P.S.2 In anticipation of the 2014-15 edition (due in late September), our 2013-14 Economic Report on Pharmaceutical Wholesalers and Specialty Distributors is on sale until the end of August.


  1. It is amazing what Adam can dig up while being sequestered in a multiplex theater for the summer.
    Two interesting observations:
    1. There are some non-preferred, non-blocked products such as Advair on the ESI formulary. A reversal of last year.
    2. CVS Caremark has made the call on Invokana over Farxiga early. One of one? Even before the BI/Lilly drug has been approved. ESI didn't make that call yet.

  2. i haven't seen anyone address the rebates involved. Specifically did Symbicort offer a higher rebate to get Advair excluded, or Fortesta vs. Angrogel. Are the plan sponsors aware of the payola going on here? Are they getting their share of the payoff? If the plan sposnor's rebate contract language is "per claim" or "per rebateable claim" my guess is they are not (similar to what happened with the Lipitor rebate fiasco). With that language, those deals are designed to benfeit the PBM only and not the plan sponsor

  3. Don't mix fair contract language and rebates. Rebates make formularies work and lower costs. Contract language makes sure appropriate savings are passed through. No business negotiates with their net cost on the table.

  4. Who decides what is "fair" and "appropriate"? Since the contract is drafted by the PBM attorneys (AFTER winning the RFP), the contract is tilted to the benefit of the plan sponsor. "Pass Through" is the ubiquitous term used to mislead plan sponsors into thinking they are getting true transparent pricing and rebates (when they are not). All of this is at the hand of the "consultant" who is often either blissfully ignorant of contract vagaries...or even worse is a known participant in it.

  5. The key element, which is rarely, of ever addressed, is that formulary rebates primarily benefit the net income of the PBM. If a client has a fixed ($/brand or other metric) rebate yield, improving overall rebate yield (often limiting choice of lower cost drugs) solely benefits the PBM. If a client has a “transparent” or “pass-through” rebate contract, besides needing a new consultant, they have no gauge or control over rebate yield.

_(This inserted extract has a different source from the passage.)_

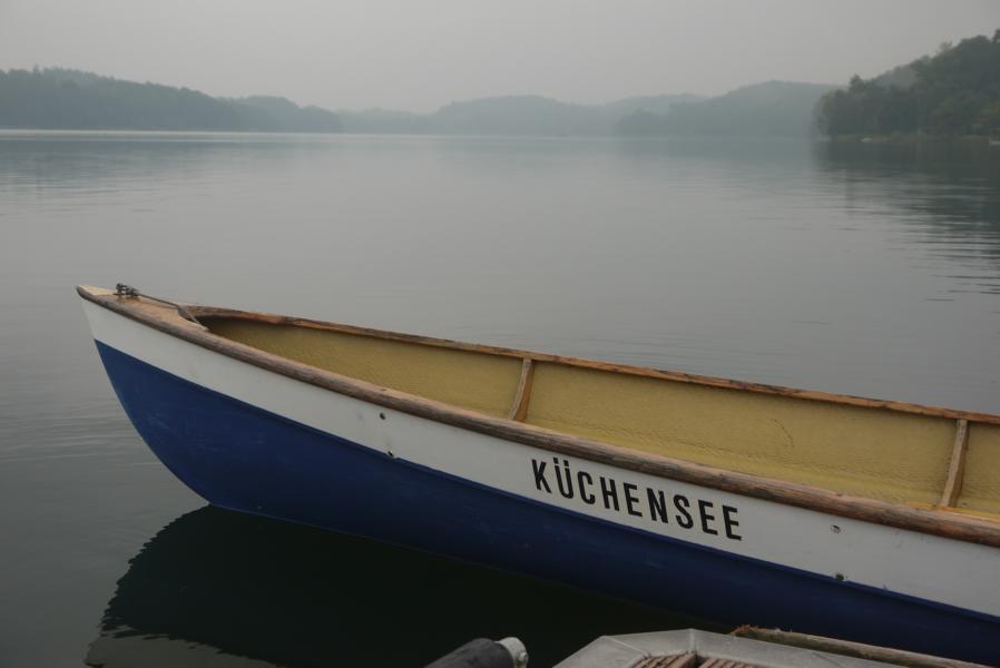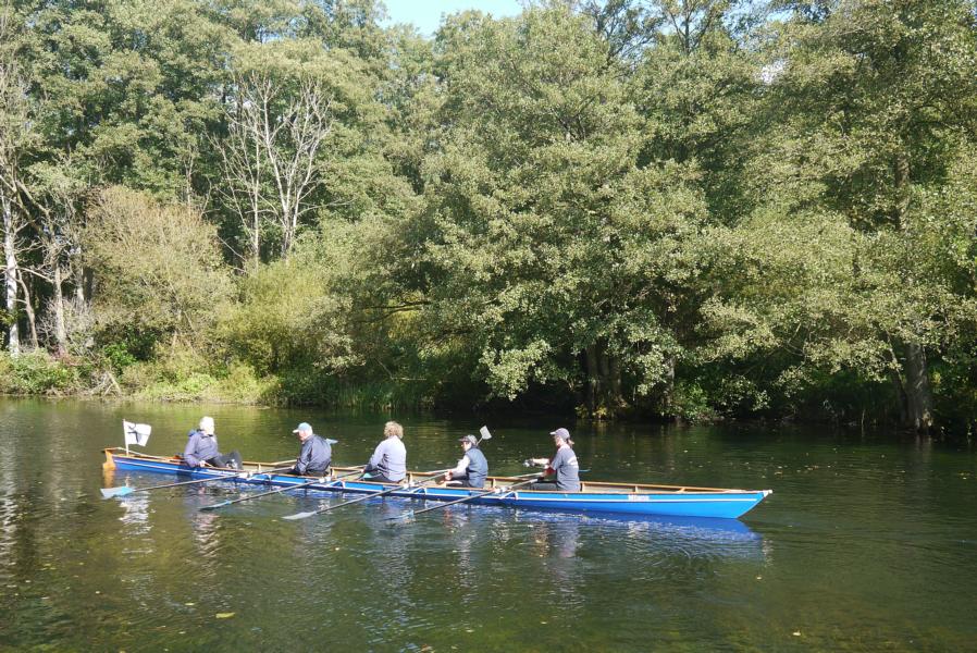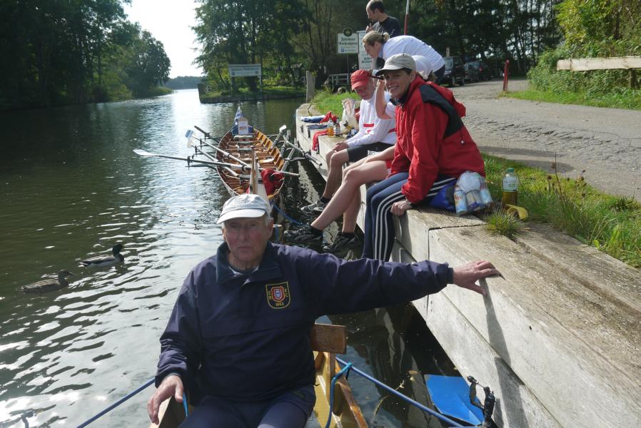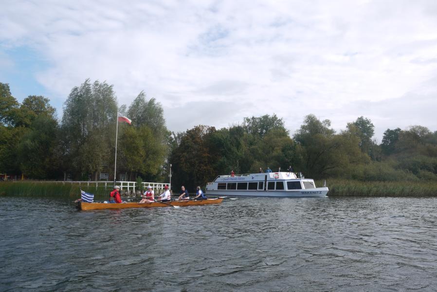Am nächsten Morgen ging es nach wirklich reichhaltigem Frühstück wieder zum Ruderclub zur Entgegennahme der Boote, es waren Regenschauer angekündigt, die ganz dunklen Wolken sind aber glücklicherweise hinter uns abgeregnet. So erreichten wir nach ca. 10 Kilometern fast trocken die Einfahrt in die Wakenitz bei Rothenhusen, hier überholte uns Bernd Pingel in einem roten Vierer seines Lübecker Rudervereins, was für ein Zufall! Weiter ging es noch 5 Kilometer zum Landhaus Absolonshorst, wo 2011 der Wendepunkt unserer Lübeck-Wanderfahrt war, genau wie diesmal, nur von Süden her. Auf dem Rückweg frischte der Wind deutlich auf, die Westseite des Sees bot aber genügend Windschutz. Zurück im Küchensee war noch ein kurzes erfrischendes Bad im See möglich, bevor die Rückreise nach Kiel angetreten werden konnte. 50 Ruderkilometer mal in einem für viele bis dahin noch unbekannten Revier bei herrlichem Spätsommerwetter erfreuten Andrea, Armin, Cristine, Hanno, Heinz, Helga, Jens (Pau), Volker und
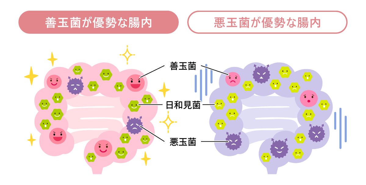 腸内では、善玉菌、悪玉菌、日和見菌が種類ごとにグループを作るようにして存在し、バランスを保っています。善玉菌が優勢な腸内では、乳酸菌や酢酸菌などが酪酸や酢酸を産生し、腸内環境を酸性にします。酸性の腸内環境では、腸壁を守る粘膜や粘液が正常に働き、健康な状態が保たれるのです。

    Regardless of the above, increasing rebate yield by limiting other drugs does not benefit the client. In addition, having this area be the focus of discussion of PBM value avoids the primary area where a plan sponsor (and member) can save money through reducing or eliminating spread pricing on generic drugs.

    Plan sponsors should focus on high yield (high reduction) areas such as generic and specialty drug pricing and not allow rebate yield to be a focus. $10/Rx reduction in spread is much better than a $1/Rx increase in rebate yield, if my math is correct.